La verdadera historia de la manzana de Newton



Isaac Newton, temido por su carácter irascible, estaba que se subía literalmente por las paredes. Él, la mente más preclara de su tiempo (y bien que se jactaba de ello), había fracasado una y otra vez a la hora de intentar desentrañar la naturaleza de la gravedad, esa esquiva magnitud física que parecía querer burlarse de él escurriéndosele entre los dedos como si fuera un intangible fantasma.

Profundamente frustrado, se levantó del banco donde por enésima vez había estado reflexionando sin el menor resultado, y comenzó a pasear con impaciencia por el jardín. En su ofuscación no miró donde pisaba teniendo la mala suerte de tropezar con la madriguera de un topo, lo que le hizo caer cuan largo era dándose un considerable golpe apenas amortiguado por la hierba que tapizaba el suelo.

Mascullando maldiciones se levantó dolorido y, tras asegurarse de la ausencia de testigos de su caída, comenzó a arreglarse la maltrecha ropa ya que, bajo ningún concepto, deseaba que la servidumbre fuera partícipe de su humillante percance.

Fue justo entonces cuando le alcanzó de forma repentina la inspiración, aunque por desgracia en la crónica de su trascendental descubrimiento no ha quedado constancia de si, como afirman algunos biógrafos, llegó a exclamar ¡eureka! en homenaje a Arquímedes, su ilustre predecesor. Lo que sí ocurrió fue que, gracias a tan prosaico tropiezo, su privilegiado intelecto logró ensamblar al fin las piezas del rompecabezas que tanto le había estado torturando, gracias a lo cual habría de pasar a la posteridad como uno de los mayores genios de la ciencia moderna.

Ahora lo comprendía... lo comprendía todo con una nitidez pasmosa, sorprendiéndole que una ley tan sencilla se le hubiera estado resistiendo tenazmente durante tanto tiempo. Y olvidándose de sus anteriores reparos ante el desmañado aspecto que ofrecía, se apresuró a encaminarse a su gabinete con objeto de plasmar sobre el papel lo antes posible la fórmula que le habría de hacer mundialmente famoso:


F = G × Mm/d2


Pero a mitad de camino se detuvo dubitativo.

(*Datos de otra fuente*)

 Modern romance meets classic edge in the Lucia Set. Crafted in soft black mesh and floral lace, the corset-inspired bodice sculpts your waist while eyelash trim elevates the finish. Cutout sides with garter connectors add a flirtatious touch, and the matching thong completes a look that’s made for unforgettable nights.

La fórmula, de ello estaba seguro, le proporcionaría la gloria eterna... a costa, claro está, de su dignidad maltrecha al verse obligado a reconocer que la había encontrado gracias a la involuntaria ayuda de una miserable alimaña. Fue entonces cuando su vista tropezó providencialmente con los cercanos manzanos, rebosantes sus verdes copas con los dorados reclamos de sus frutos. Se fijó también en las manzanas maduras que yacían caídas a los pies de los troncos, e inmediatamente encontró la solución que dejaría a salvo su orgullo.

¿Qué mas daba que el hallazgo de la fórmula le hubiera llegado por la caída de una manzana, o la de su propio cuerpo? ¿No era la ley que acababa de descubrir de naturaleza universal? Por tanto, una inocente mentira no alteraría lo más mínimo la importancia de su descubrimiento, librándole de cotilleos mezquinos. El gran Isaac Newton tropezando como un idiota en su propio jardín... ¡jamás!

Para celebrarlo, se comió la manzana madura más grande que encontró.